DHG around rocks and on the background is a good idea. Mixing carpet plants gives a more natural effect. Personally I would put some more flat.


----------



## Tnalp (Mar 25, 2017)

Really liking your setup. I also considered placing rocks like you have.. the only problem i ran into was shadows. hc-"cuba" needs plenty of light to grow, so I'm not sure how the shadowing will affect its growth. I did not risk it and placed my stones in another fashion. Looks great though! Those knock off lily pipes work great. I have some off amazon and i really like them!


----------



## Stijn Grundeman (Feb 21, 2017)

Thanks for the input guys. i added some small flat rocks in the valley hoping to provide a more natural look of a valley eroded by a river. I also placed a flat rock under the overhanging big rock on the right to eradicate the potential problem of HC not growing there. I ordered plants and they will arrive tomorrow:grin2:. Pearlweed was on sale 1 euro so naturally i could not resist buying it. i might add it to background to create the impression of a dense forest in the mountains.
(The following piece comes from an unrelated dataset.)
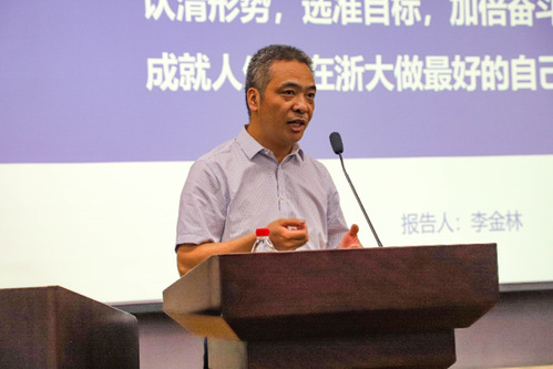 李金林做职业生涯规划报告,在学风建设以及职业生涯规划方面做了详细的介绍,并给出提高大学学习和生活质量的若干建议,鼓励同学们时刻秉持奋斗的精神,实现高质量高满意度的大学学习生活。

Im new to high tech tanks and i have some questions still which i hope you can answer.

1. *lighting intensity*

Someone on this forum measured the following par values for the Chihiros led:

For the 13G (30cm / 12 inches from substrate middle line of the tank), dimming levels 1-7 on the included dimmer.
Level 1 - 8.5 Par
Level 2 - 30 Par
Level 3 - 49 Par
Level 4 - 70 Par
Level 5 - 90 Par
Level 6 - 105 Par
Level 7 - 130 Par

I was wondering which dimming level i should choose for my setup (will be planted with HC and DHG sp mini)

2. *Dry start*

i was planning to do a dry start and mist the plants twice a day and and aerate the tank once a day by lifting the plastic wrap. Will this be sufficient to provide sufficient water and prevent mold? also, how long should i keep the lights on (10 hours a day?) and on what setting?

3. *dosing*

I plan on using Potassium nitrate-potassium sulphate solution for macro and a bottle of Tetra plantamin for micro's (i have learned that this stuff is not the best but its what i got from the pet store when starting my low tech. and i rather not buy more stuff if not nessicary ). The tetra plantamin does not contain magnesium btw which im afraid might cause issues. My water has a DH of 8 so does that mean that ill be fine? 
I was wondering if i could get away with dosing micro's twice a week and the plantamin once a week since my plants are heavy root feeders. also ill be dosing excel once a day especially during the initial phase to deter algae. what do you guys recommend?

4*Add amano's?*

Will the red cherry shrimp be able to handle algae by themselves or would it be good to add 2-3 amano's to the tank (they eat more algae species right?).

Ill be sure tokeep you guys updated on the tank!


----------



## Nigel95 (Mar 5, 2017)

I think you should swap the outflow with the inflow if you put the diffuser there. Although this may work to just something you can try.

I did a dry start to and I am having barely algae issues, but I didn't like the look of the tank during dry start.
If you want to watch your tank already, the dry start is gonna ruin the looks; due the humidity and wrap over it.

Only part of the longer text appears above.